* **EXERCISE DATA**
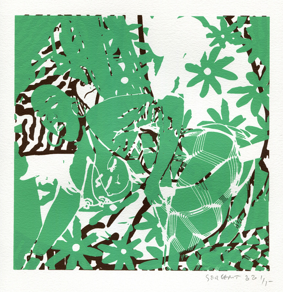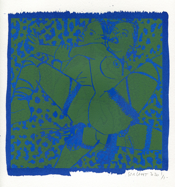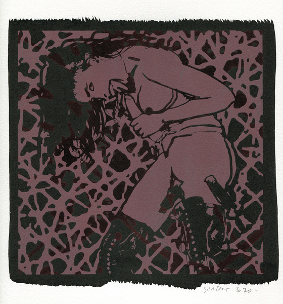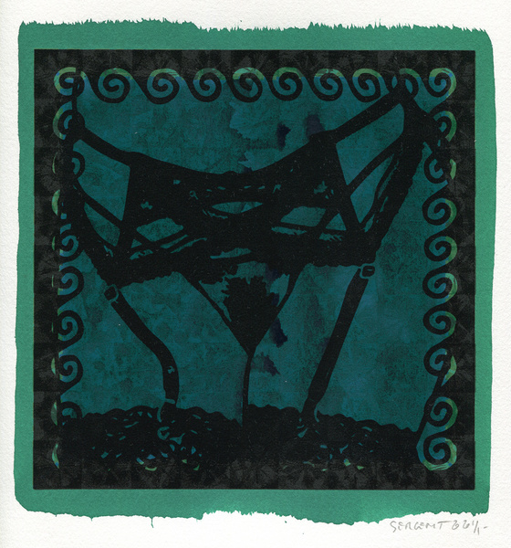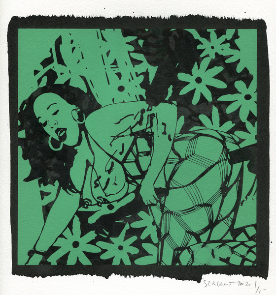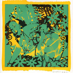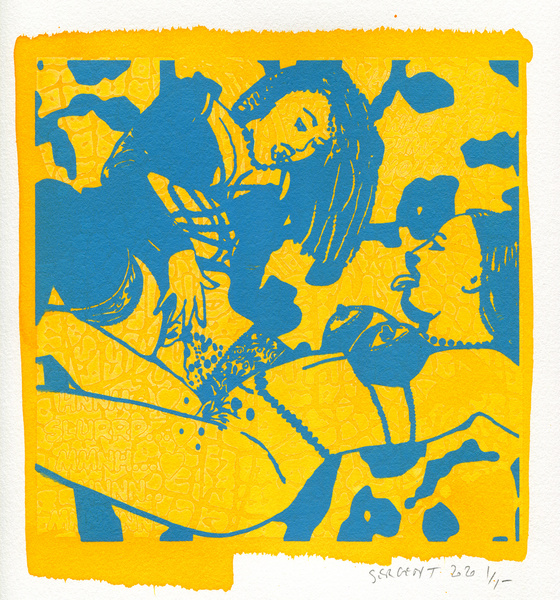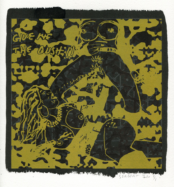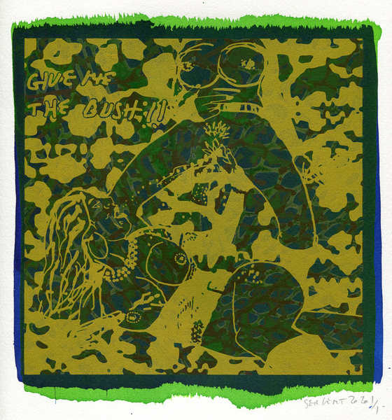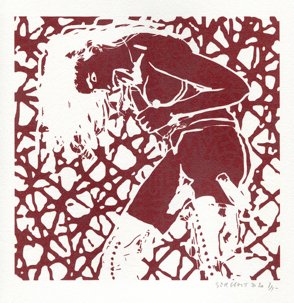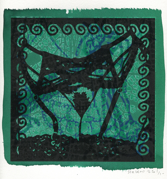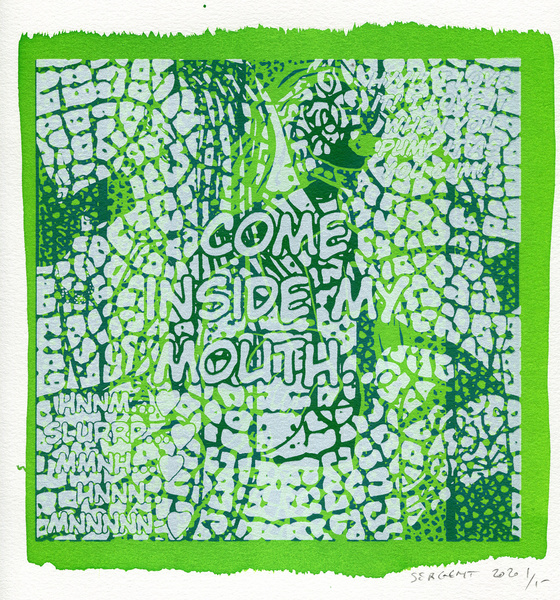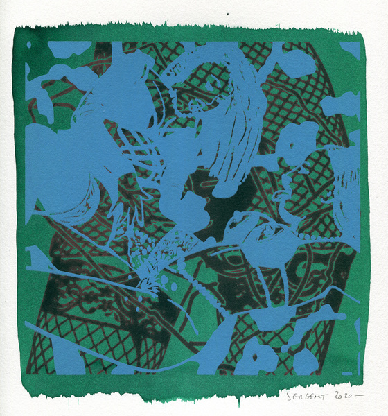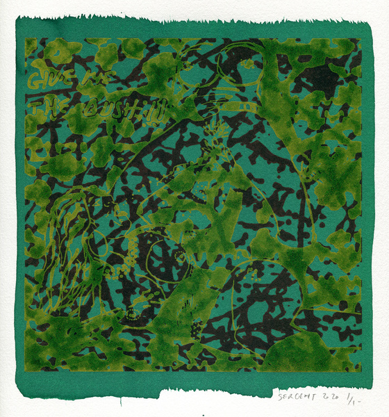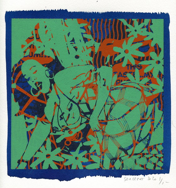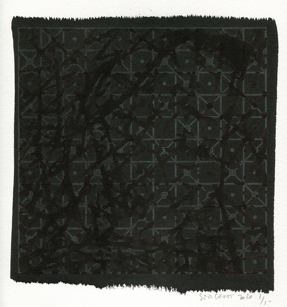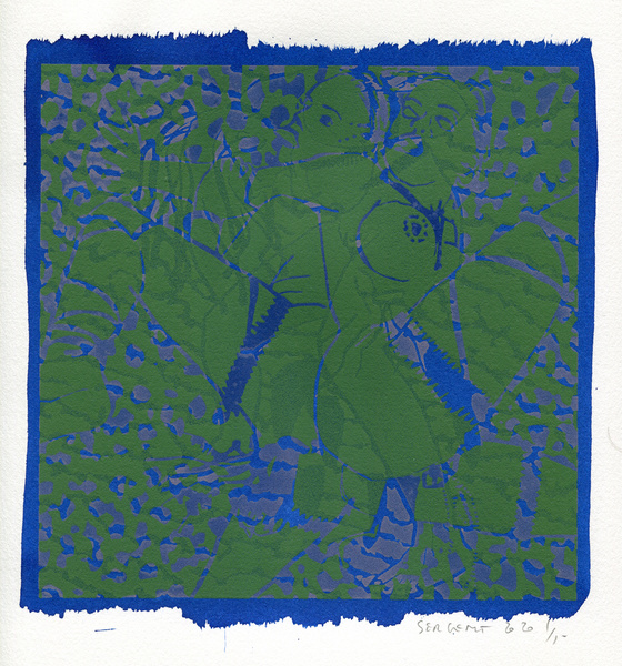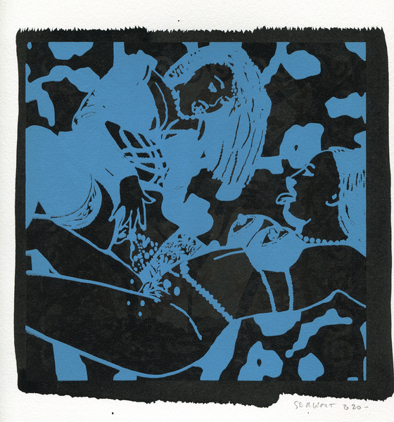 Jean-Pierre Sergent, Shakti-Yoni: Ecstatic Cosmic Dances | 2020 | acrylic hand silk-screened and Indian ink on white B.F.K. Rives paper 250g, unframed : 25,5 x 25,5 cm / 10''x10''.
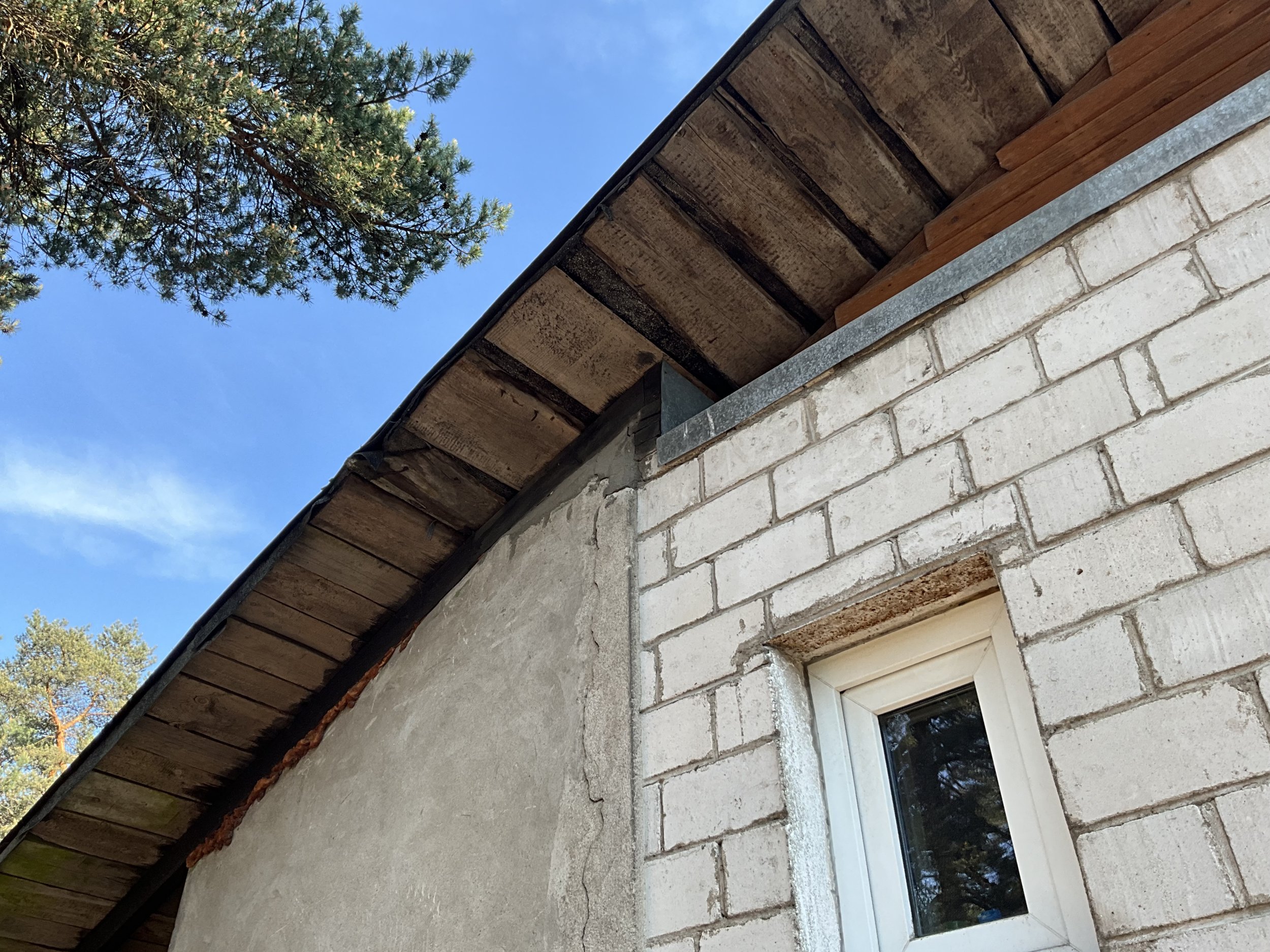 Samuti tuleb ehitada katuse uus otsasein mõlemal poolel, viimistledes see voodrilauaga maja välisfassaadiga tasaseks (praegune on fassaadist seespool).
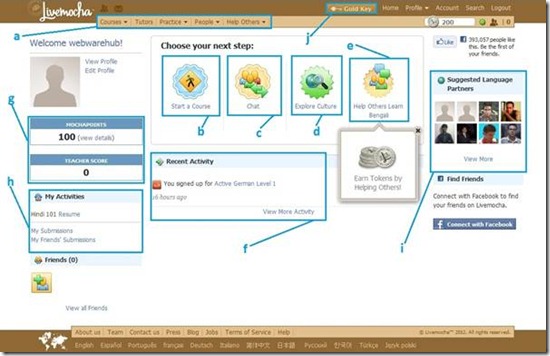 LiveMocha is the first website reviewed here to learn foreign languages by talking to natives. This is like a virtual community of users who are here to learn one language or the other. This website supports more than 200 languages and you can learn any of them by signing up for a free account.
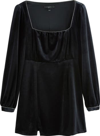 Luxe velvet and light-catching diamante trim lend a party-ready vibe to this long-sleeve minidress.
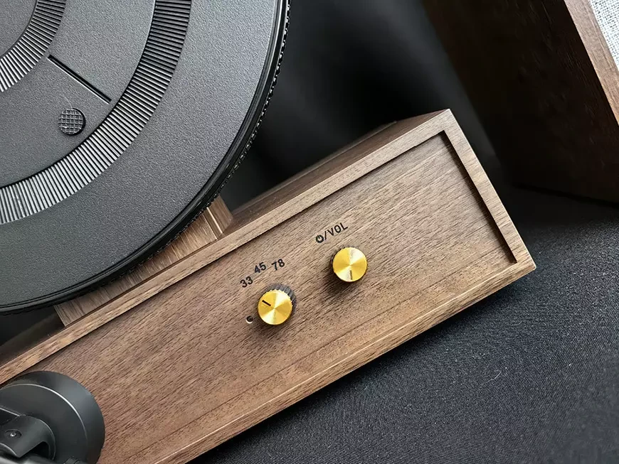Управление переключением скоростей и регулировка громкости осуществляются при помощи двух позолоченных ручек на передней панели центрального блока. Для сопряжения с внешним устройством по Bluetooth нужно воспользоваться соответствующей клавишей на задней стенке проигрывателя.
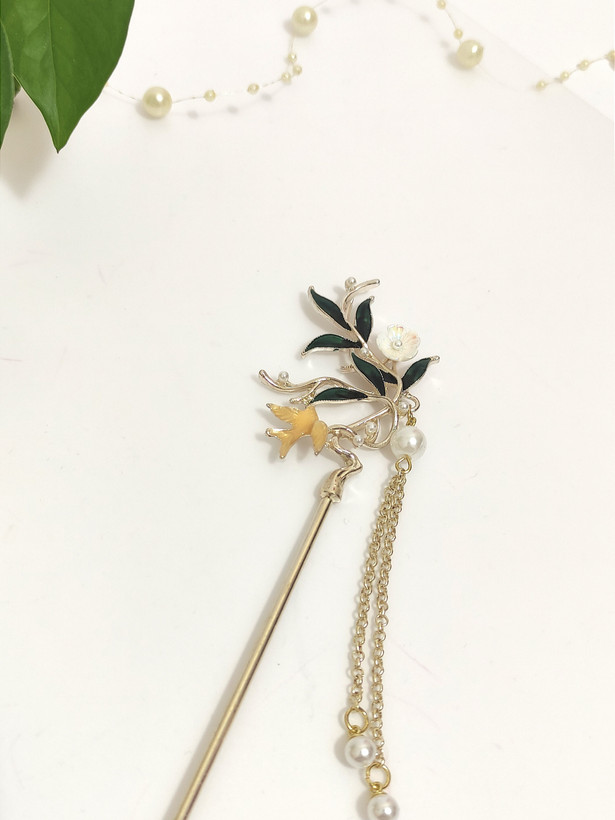 کانزاشی برگ با اون گل سفید و پرنده زیبای کنارش میتونه یه استایل شرقی زیبا به موهات بده.
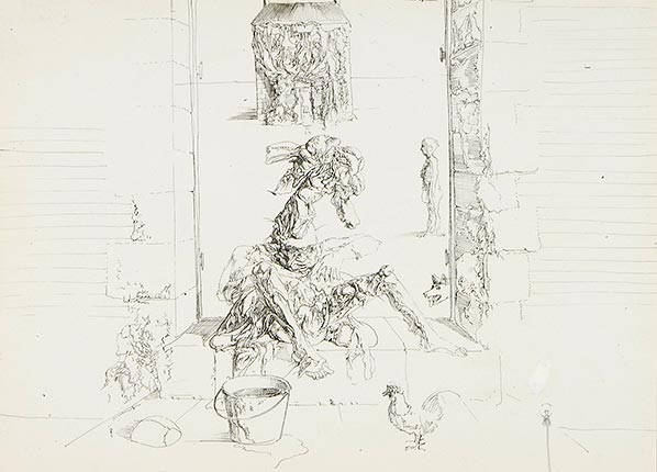 Dado: I’ve been drawing practically every day now for two and a half years, especially when the light is fading, as evening is drawing in, or at wintertime. After the graft of a large oil painting, pen-and-ink drawing was supposed to offer a kind of rest – or at least a means of escaping painting, so as to return to it with fresh eyes. In fact, it is as hard to get out of a good drawing as it is out of a good picture, and there was no question of rest, because to do anything requires tension. There is great collusion, I think, between my pictures and my drawings. They follow a different pace, but each is as hard and as painstaking as the other. Sometimes I felt that painting started to appear too much in my drawing – when the drawings became too liquid, too modeled – and immediately I had to stop and start again.
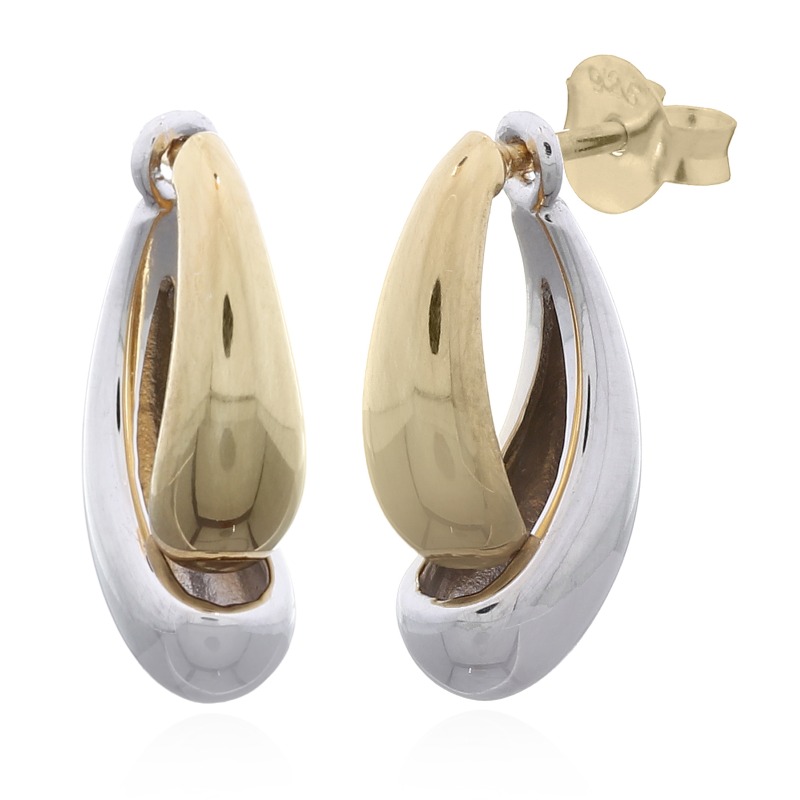 Curve Two-Tone Waterdrop Rhodium and Gold Plated Silver Stud Earrings
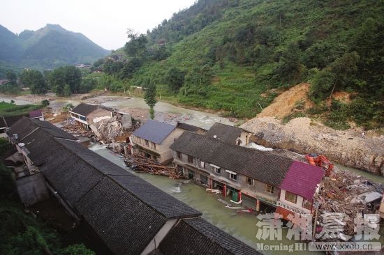 2014年7月4日晚上10点40分许,受持续强降雨作用,湖南省怀化市新晃侗族自治县米贝苗乡集镇农贸市场对岸(南岸)山体发生滑坡,滑体方量约5万m3。滑坡快速下滑后造成正对岸部分民房冲击毁塌并堵塞坡脚中和溪,形成库容达12万m3的堰塞湖,洪水位快速上升导致左岸农贸市场及民房受淹。滑坡致1人遇难。
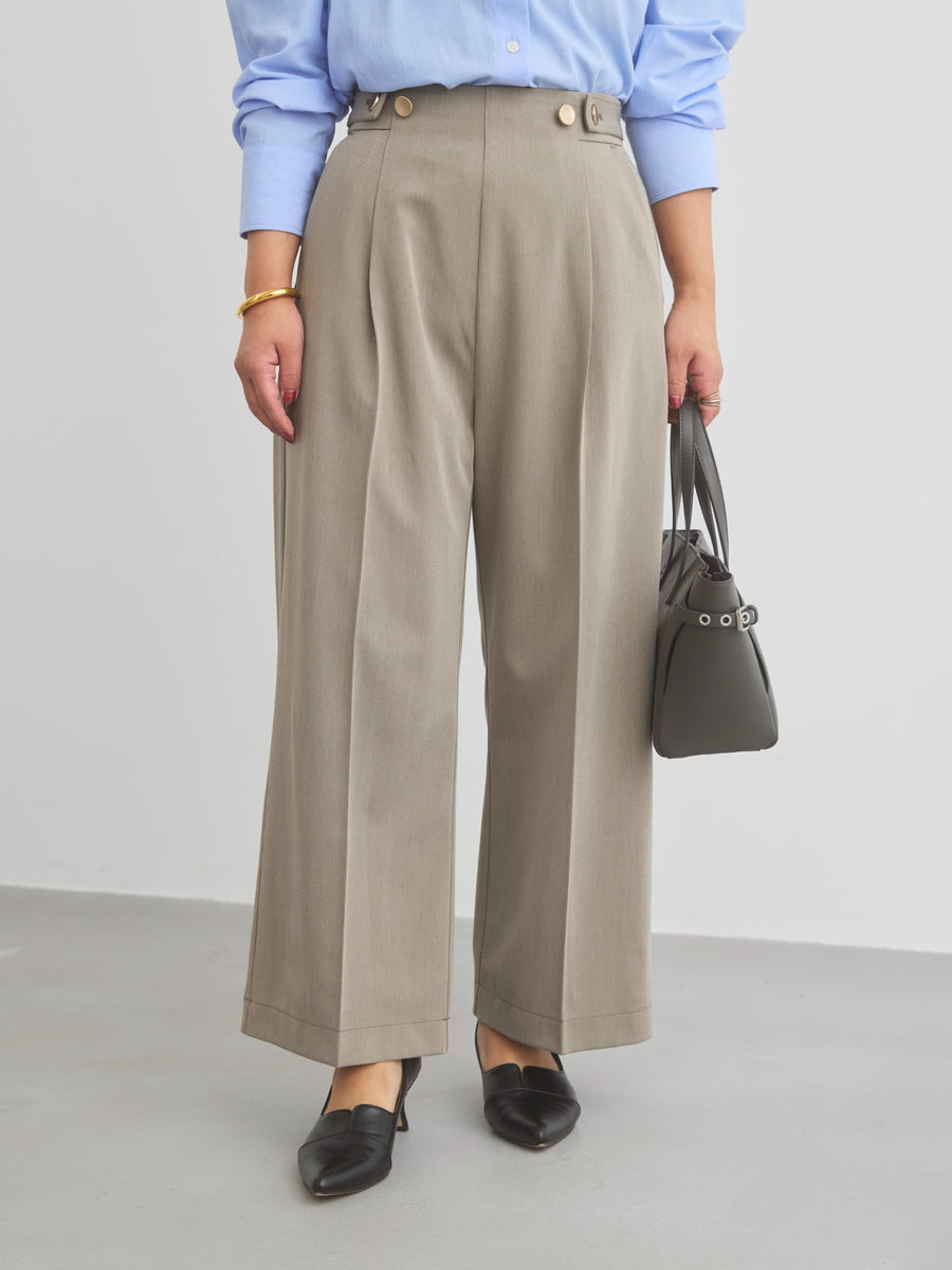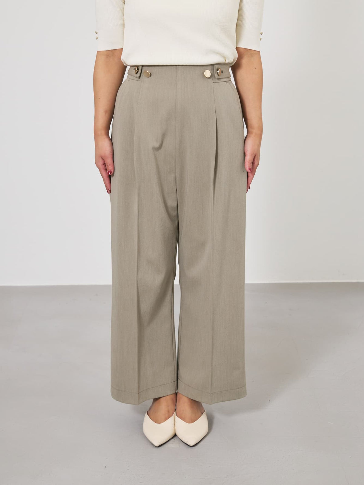 フロントのゴールドボタンがさりげなく、ハイウエストなので自然と腰位置が高く見え、スタイルアップ効果抜群のパンツ。
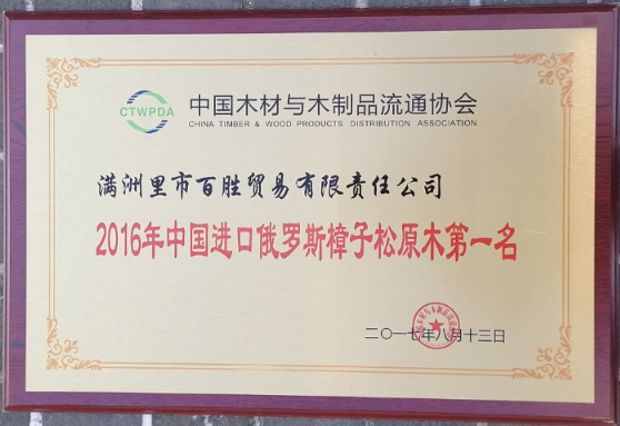 为表彰其取得的成绩,特颁发了《2016年中国十大俄罗斯木材进口商》《2016年进口俄罗斯木材单品种第一名》

* **THE PROBLEM**
Only the lines from the one containing "2014年7月4日晚上10点" through the final line of the records should be retyped, exactly, with every picture omitted.

* **RESULT OF THIS TASK**
 2014年7月4日晚上10点40分许,受持续强降雨作用,湖南省怀化市新晃侗族自治县米贝苗乡集镇农贸市场对岸(南岸)山体发生滑坡,滑体方量约5万m3。滑坡快速下滑后造成正对岸部分民房冲击毁塌并堵塞坡脚中和溪,形成库容达12万m3的堰塞湖,洪水位快速上升导致左岸农贸市场及民房受淹。滑坡致1人遇难。
 フロントのゴールドボタンがさりげなく、ハイウエストなので自然と腰位置が高く見え、スタイルアップ効果抜群のパンツ。
 为表彰其取得的成绩,特颁发了《2016年中国十大俄罗斯木材进口商》《2016年进口俄罗斯木材单品种第一名》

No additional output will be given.